We've got to get the deficit down, but Bill Clinton talks about let Government invest. Government never created a job. It is small business and private sector that creates jobs. So if you want to get the deficit down, here's the way to do it: Control the growth of these mandatory spending programs. Give us a balanced budget amendment to the Constitution to discipline the Congress. Give every taxpayer the right to check 10 percent of his tax return, and if you want it to go the deficit, make the Congress put it on the deficit. Give the President what 43 Governors have, a line-item veto, and let the President draw a line through this excessive spending. And I'll throw in a fourth measure: I think it's time to give the Congress back to the people. I want term limits for the Members of the United States Congress.
And here's the last point: I mentioned character and trust. Well -- --
Audience member. We love you.
The President. Well, I hope so.
There's been a little panic in Little Rock, because I think they see that the goal that Bill Clinton has been eagerly awaiting ever since he was studying in Oxford might be slipping away for him. He's begun attacking my character. And I love to fight this one out in the last couple of days on character and trust. Yes, he is a character. But being attacked on character by Governor Clinton is like being called ugly by a frog. We don't need to worry about it. We didn't invite that term ``Slick Willie.'' We didn't invite it. It's come in from Arkansas. It was all through the Democratic primary. We are not going after his character. We're doing what Harry Truman is: We tell the truth, and they think it's hell. So be it. We're simply telling the truth.
It's difficult for him to level with the American people, and here I'm very serious. You can't have it both ways as President of the United States. You can't tell one story and then another. In April, for example, on the draft, he said he would release all his draft records. And he never has done that to this day. He is waffling and ducking -- --
Audience members. Boo-o-o!
The President. -- -- and bobbing and weaving. And you cannot do that as President.
Listen, a lot of people opposed the war, and I understand that. That's not the point here. The point is there is a pattern of deception: on one side of the issue one day, and another side the next. And you cannot do that in the Oval Office.

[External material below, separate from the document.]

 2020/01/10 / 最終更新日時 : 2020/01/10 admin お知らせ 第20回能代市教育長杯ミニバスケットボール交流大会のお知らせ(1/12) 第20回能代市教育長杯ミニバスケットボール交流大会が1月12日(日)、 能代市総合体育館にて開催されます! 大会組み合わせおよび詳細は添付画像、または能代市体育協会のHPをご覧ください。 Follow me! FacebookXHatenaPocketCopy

I think, I know a lot of the media don't like this. I know a lot of our friends in the media don't like this. In fact, I like these hats, ``Annoy the Media. Reelect Bush.'' Let me divert for a minute. Have you ever seen a year where they have their own seminars, ``Have we been fair?'' They know very well they haven't, but we're going to win without them.

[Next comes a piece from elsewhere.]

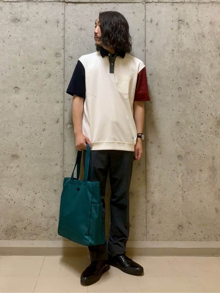 Bag : GREEN LINE BLOCKING LEATHER TOTE BAG

Listen, before you get too angry about this, share my frustration about it, please grant amnesty to the good guys: the photographers, the guys carrying the boom mikes. Somebody stuck them with the American flag the other day. These are our friends. They are good people. Don't harass them. Save your rile for those that aren't here, those Sunday talk show people, those guys that are telling us how we're going to vote.
But you know, I mentioned the draft. Even today we have new evidence, an affidavit that when Governor Clinton first ran for office his friends used special connections to seize his ROTC file and destroy all others. He's got to level with the American people on this kind of thing.

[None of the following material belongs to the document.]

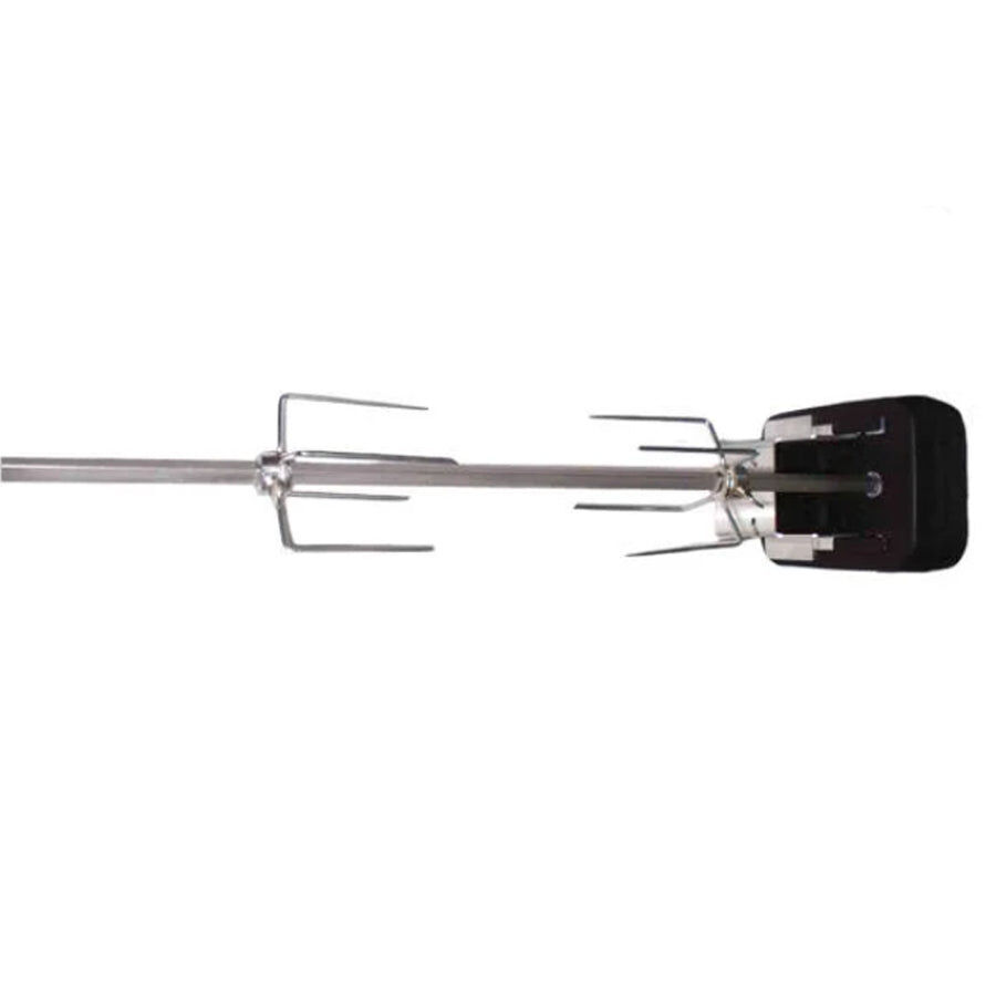 The Sizzler Galleymate 1100 & 1500 Rotisserie Spit Kit includes everything you need for a flawless rotisserie experience. The kit features a stainless steel skewer (58.5cm x 11cm round), 2 prongs, and a motor bracket, ensuring you have all the tools for a secure and even roast.

But it's not just the draft. You know my differences with him on organizing demonstrations. Look, people objected to the war. But I make a distinction: When your brothers or your peers are in a jail in Hanoi, or kids are being drafted out of the ghetto to go into that war that was not a popular war, I simply think it is wrong to go to a foreign country and organize demonstrations against the United States of America. And that's what he did. And all his apologists out there, all these talking heads say, oh yes, but it was 23 years ago. Okay, if it was wrong to do that, just say so. If you make a mistake, admit it. I have done it, and that's what you have to do as President of the United States.
But the pattern continues. One time he's for the North American free trade agreement; another he started to be against it, then in the debate say, ``Well, I'm for it, but I will make some changes.'' You cannot have a lot of ``buts'' in the Oval Office. You've got to call them as you see them.
Term limits, CAFE standards, whatever it is, he's got a position for whatever audience he's talking to. And I really mean this, you lose all credibility as President if you try to do that on every issue. And let me finish this little start, this little beginning here by saying, here's what he said on the war. It was a tough decision, tough time for our country. People were divided. And here's what Governor Clinton courageously said about the time I had to make this decision. He said, ``I agree with the arguments the minority made, but I guess I would have voted with the majority.'' What kind of waffle iron is that?
Audience members. Boo-o-o!
The President. You can't do it. You cannot be here and there. The bottom line is we simply cannot take the risk on Governor Clinton. Character, inexperience, his experience and character do not meet the criterion of the Oval Office. And the world is still a dangerous place. We've made great progress. And frankly, I take great pride in the fact that, with a very able team, I was President when we greatly reduced the threat of nuclear war to every family here and around the world. Great that we had ancient enemies talking to each other in the Middle East; that the Soviet Union is no longer international communism but democracy on the move. A lot of progress toward world peace.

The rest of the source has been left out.